人工巣穴内で発見された個体。花川橋付近で毎年発見されている個体で「ハナチャン」とも呼ばれていますが、これまでの調査や巣穴での観察からオスであるとわかっています。二日前の夜間調査の際にも花川橋付近で発見されています。
大きさは94センチ、体重は9キロ近くあり、少し太り気味の個体でした。
カニカゴ内で発見された個体。現在瀬戸市が確認している81個体中最大級の個体で、全長はなんと105センチでした。
体の斑点が細かく、体が白っぽく見えるため「シロタ」と呼ばれています。(KY)
以前、岐阜高校さんに尾の一部の細胞サンプルをDNAのマイクロサテライト解析していただきましたが、この個体を含め蛇ヶ洞川流域で捕獲された18個体については、オオサンショウウオと確認され、チュウゴクオオサンショウウオの遺伝子特徴のものは確認されていません(岐阜県立岐阜高等学校2017「岐阜県オオサンショウウオの多角的調査・解析」『第14回日本オオサンショウウオの会 南部町大会資料』等より)。(HS)
7月13日
2019年度第一回目の夜間調査観察会を夜7時より開催しました。
今日は昨日と違いなかなかオオサンショウウオが出てきてくれず、観察会が行えないかと思われましたが8時ごろ蛇ヶ洞川で1個体でてきてくれました。
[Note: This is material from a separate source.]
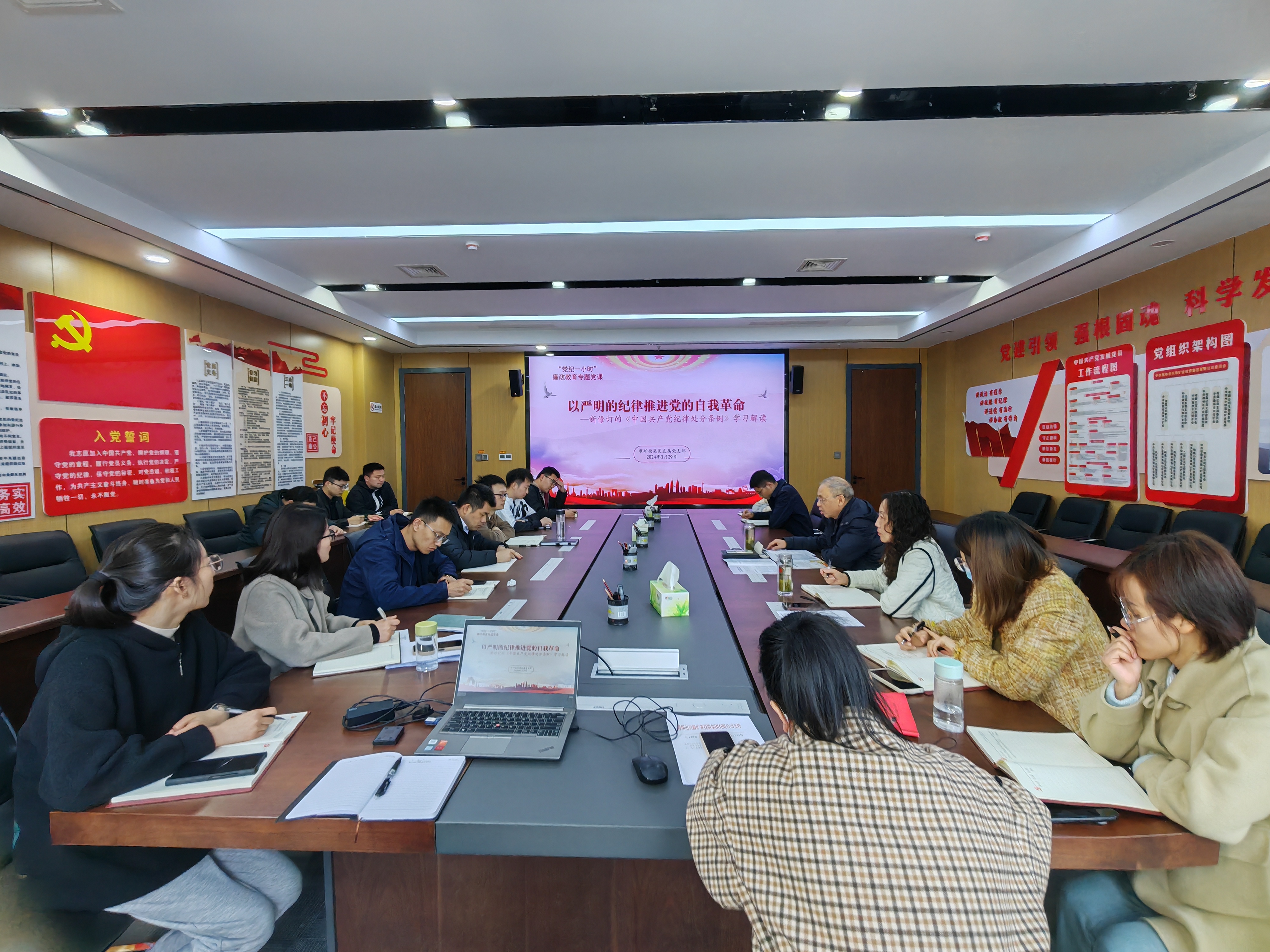 為進一步學深悟透習近平總書記關于黨的自我革命的重要思想,推進全面從嚴治黨向縱深發(fā)展,3月29日,市礦投集團以學習貫徹新修訂的紀律處分條例為契機,開展“黨紀一小時”宣講教育活動。市礦投集團黨委委員、駐市礦投集團紀檢監(jiān)察組組長芮金保以“以嚴明的紀律推進黨的自我革命“為題,圍繞學習解讀新修訂《中國共產黨紀律處分條例》進行宣講。

全長80センチの大きな個体で、雨の中ご参加された21名の参加者にスタッフを加えた30名程度は間近で観察することができました。
成体の発見された地点より上流でエラのみられる幼生(全長10センチ)も出てきてくれました。
黒い体色ですが、うっすら斑文ができはじめています。
興奮しているのかしっぽの表面に白い粘液を出しています。(KY)
7月12日
午後8時より市職員らによる夜間調査を行いました。
近頃は雨が多く、水量も増え水流も急でしたのでオオサンショウウオの発見が難しいかと思われましたが4個体発見することができました。
日向川と蛇ヶ洞川の合流地点からやや上流では少し小さめ(70.0センチ及び65.0センチ)の成体が2個体発見されました。
次に1個体発見するも素早い動きで逃げ捕獲できませんでしたが、その後発見した個体は捕獲することができました。
全長83センチの大きな個体です。
今シーズンは蛇ヶ洞川等でのオオサンショウウオの発見数は少なくないのですが今年はまだ人工巣穴内での確認ができていません。
これがなにを意味するのか気にかかるところです。(K.Y)
6月22日
午後1時から人工巣穴清掃を行いました。
午前中は地元と瀬戸環境パートナーシップ事業所の大橋運輸さんで草刈や河川清掃をしていただきました。
天気の心配がありましたが無事に晴れ、予定どおり清掃を行うことができました。
34名の事前申し込み参加者や小西砕石様などご参加いただいた皆様ありがとうございました。
今回は大変運がよく、なんと幼生も合わせて9個体も出てきてくれました!
前日から仕掛けたカニカゴには2個体オオサンショウウオが発見されました。
2個体とも60センチ程度と少し小さめの若い個体でした。
78番目の新規発見個体
こどもたちは蛇ヶ洞川の水生生物調査を行いました。
小学生の参加者には幼生を2個体も発見してくれた子もいます。
全長は9センチと8センチ。昨年人工巣穴で幼生は孵化していないので2歳前後の個体と思われます。
ほかにも調査に加わっていただいた岐阜高校の生徒さんが成体2個体と幼生3個体を発見。
充実した調査と観察を行うことができました。
6月4日
午後3時ごろ、花川橋右岸の水落ちで発見。
水落ち部分に頭を向けており涼しいのか温かいのかじっとおとなしくしていました。
体長76センチの女の子でした。
お腹が膨らんでいたので産卵が近い可能性があります。